# WORK TO COMPLETE:
Reproduce every entry that follows word for word, but omit the images.

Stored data

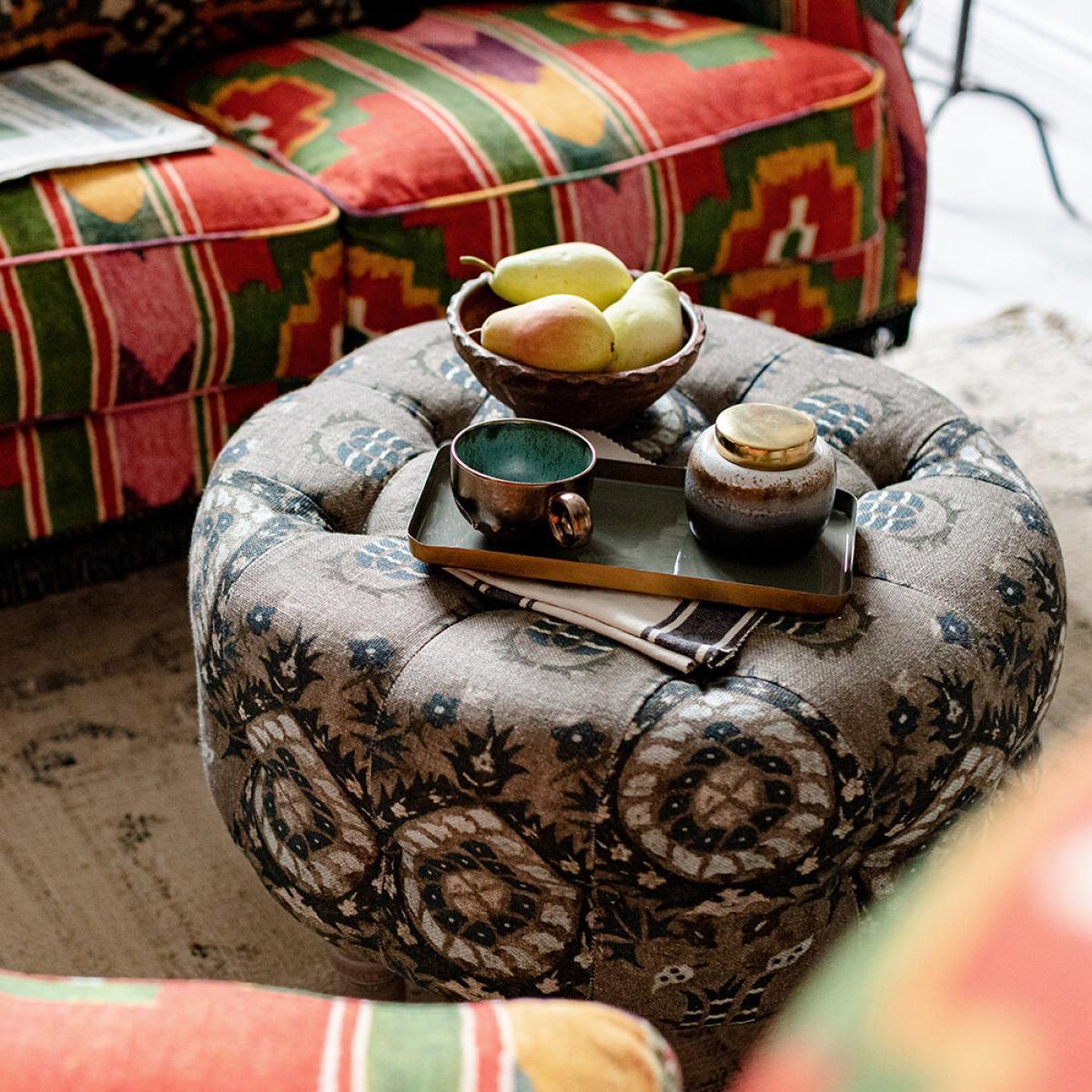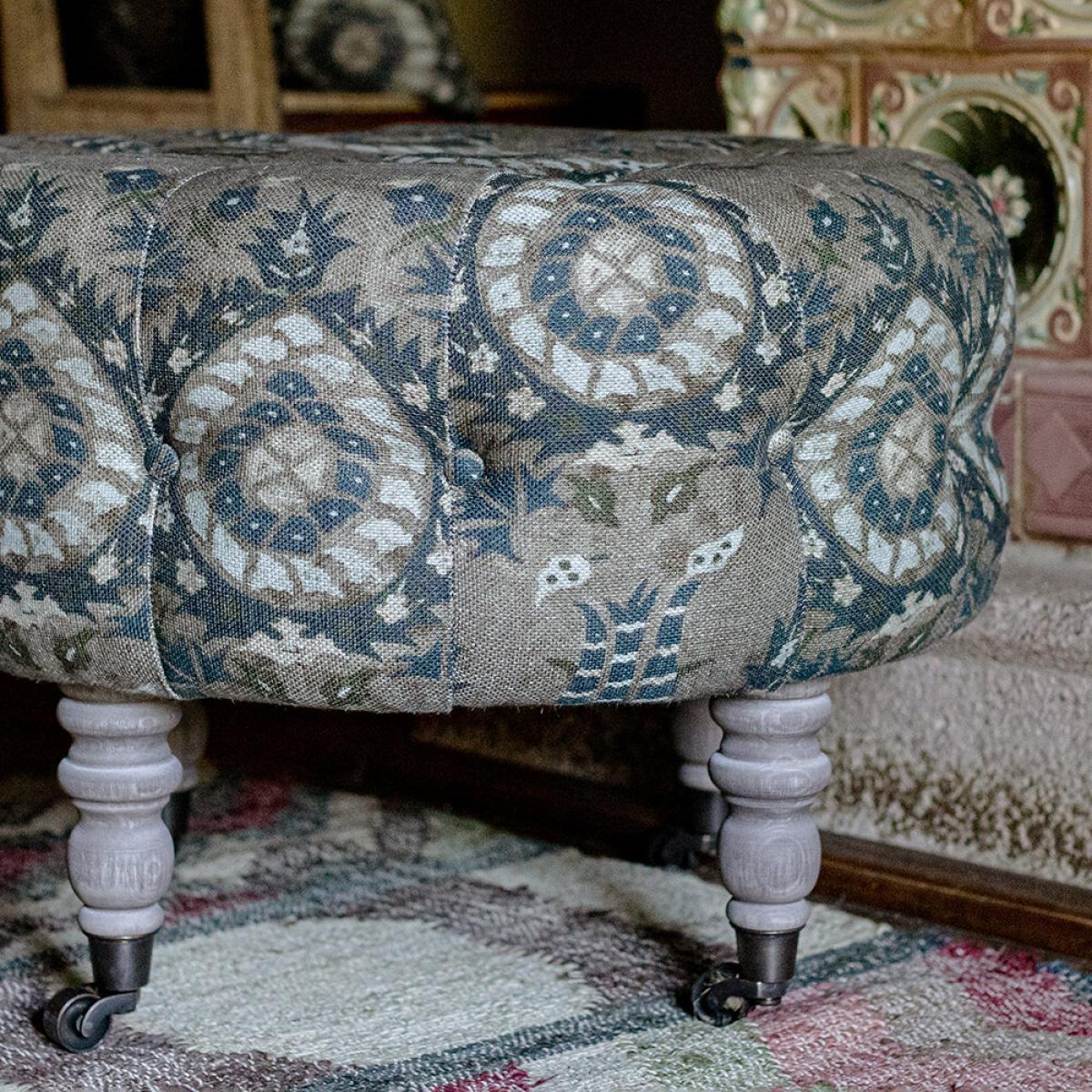 I love this little piece - it’s a versatile addition that works particularly well in eclectic or boho-inspired interiors, thanks to its rich pattern and textured fabric. The Fez tufted stool brings a touch of character and can serve as both a practical footrest and an extra seat when needed. Its neutral dapple grey hue makes it easy to incorporate into various colour schemes, while the patterned upholstery adds visual interest without overpowering the space. For styling tips, try pairing it with a mix of soft textiles and layered rugs for a cosy look, or use it as a statement piece in a corner with a tall plant or decorative tray on top. Its casters add mobility, making it a flexible style and functional option in living rooms or bedrooms.
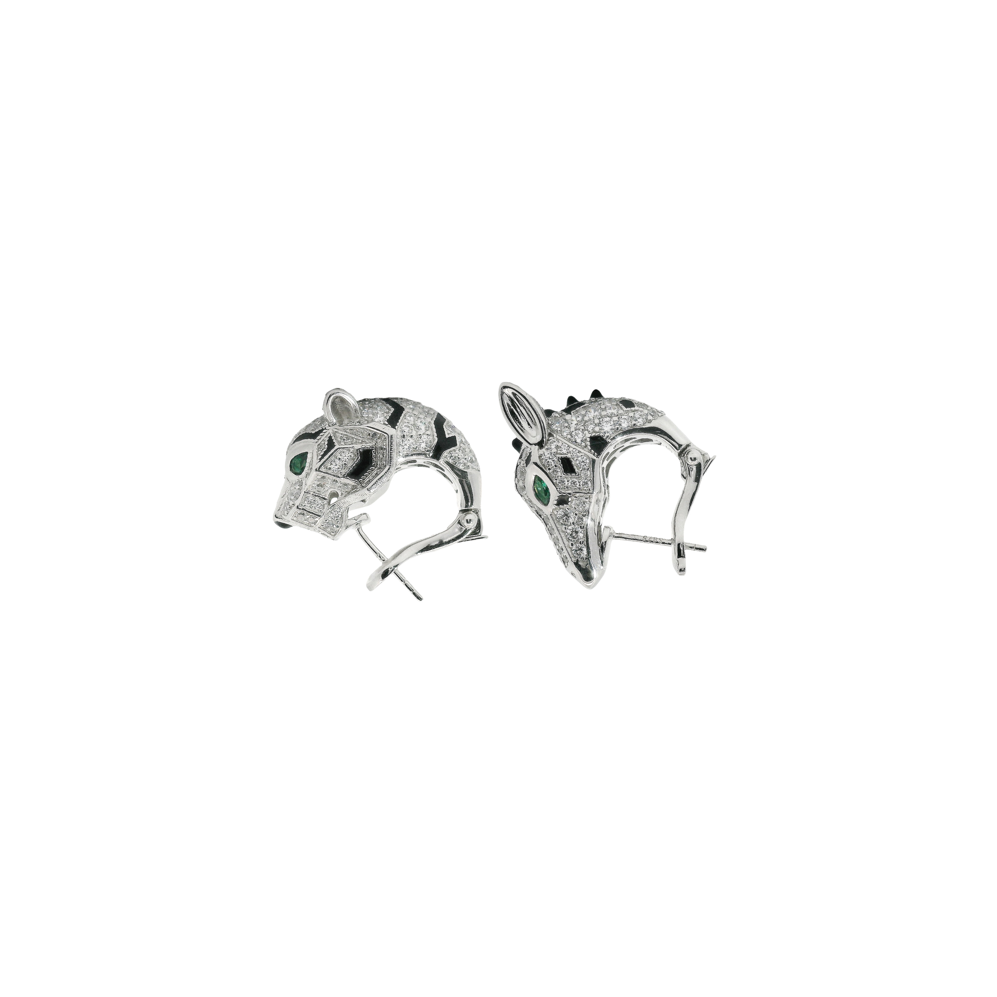 Orecchini con forma di animale in argento 925 placcato oro bianco con pietre in moissanite trasparenti e verdi.
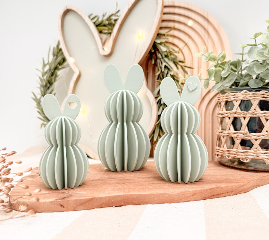 Velikonoční zajíčci ve skládaném vzhledu jsou navrženi tak, aby působili lehce, elegantně a přitom hravě. Malá jarní dekorace, která ožije přímo na vašem stole, poličce nebo parapetu a přivolá jaro do Vašeho domova.
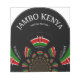 The artwork features a central, circular design that boldly incorporates the colors and the iconic Maasai shield of the Kenyan flag. Curved banners above and below the circle display the beloved Swahili phrases: "JAMBO KENYA" (Hello Kenya) and "HAKUNA MATATA" (No Worries). This balanced and visually rich composition merges national symbols with welcoming phrases, creating a distinctive badge-like or emblem feel that expresses both Kenyan pride and a warm, carefree spirit.
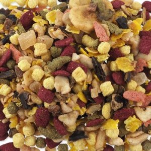 Složení: Extrudovaná kukuřičná mouka, sušené banány 22 %, kukuřičné vločky, karob, sušený ananas 7,2 %, sušené meruňky 4,8 %, sušená červená řepa 2,2 %, sušená vojtěška, rýžové pukance, sušená mrkev.
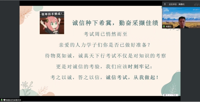 2021级人力资源管理2班于12月26日晚,通过腾讯会议开展了“期末总动员”。本次主题班会由班主任宋一晓老师主持,班级全体同学参与。
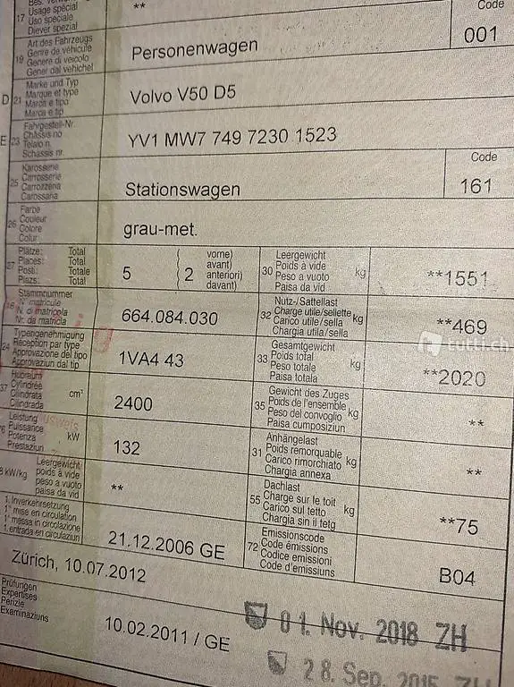 Volvo V50 D5 Ersatzteilverkauf Auto ohne Zylinderkopf

# YOUR RESPONSE:
 I love this little piece - it’s a versatile addition that works particularly well in eclectic or boho-inspired interiors, thanks to its rich pattern and textured fabric. The Fez tufted stool brings a touch of character and can serve as both a practical footrest and an extra seat when needed. Its neutral dapple grey hue makes it easy to incorporate into various colour schemes, while the patterned upholstery adds visual interest without overpowering the space. For styling tips, try pairing it with a mix of soft textiles and layered rugs for a cosy look, or use it as a statement piece in a corner with a tall plant or decorative tray on top. Its casters add mobility, making it a flexible style and functional option in living rooms or bedrooms.
 Orecchini con forma di animale in argento 925 placcato oro bianco con pietre in moissanite trasparenti e verdi.
 Velikonoční zajíčci ve skládaném vzhledu jsou navrženi tak, aby působili lehce, elegantně a přitom hravě. Malá jarní dekorace, která ožije přímo na vašem stole, poličce nebo parapetu a přivolá jaro do Vašeho domova.
 The artwork features a central, circular design that boldly incorporates the colors and the iconic Maasai shield of the Kenyan flag. Curved banners above and below the circle display the beloved Swahili phrases: "JAMBO KENYA" (Hello Kenya) and "HAKUNA MATATA" (No Worries). This balanced and visually rich composition merges national symbols with welcoming phrases, creating a distinctive badge-like or emblem feel that expresses both Kenyan pride and a warm, carefree spirit.
 Složení: Extrudovaná kukuřičná mouka, sušené banány 22 %, kukuřičné vločky, karob, sušený ananas 7,2 %, sušené meruňky 4,8 %, sušená červená řepa 2,2 %, sušená vojtěška, rýžové pukance, sušená mrkev.
 2021级人力资源管理2班于12月26日晚,通过腾讯会议开展了“期末总动员”。本次主题班会由班主任宋一晓老师主持,班级全体同学参与。
 Volvo V50 D5 Ersatzteilverkauf Auto ohne Zylinderkopf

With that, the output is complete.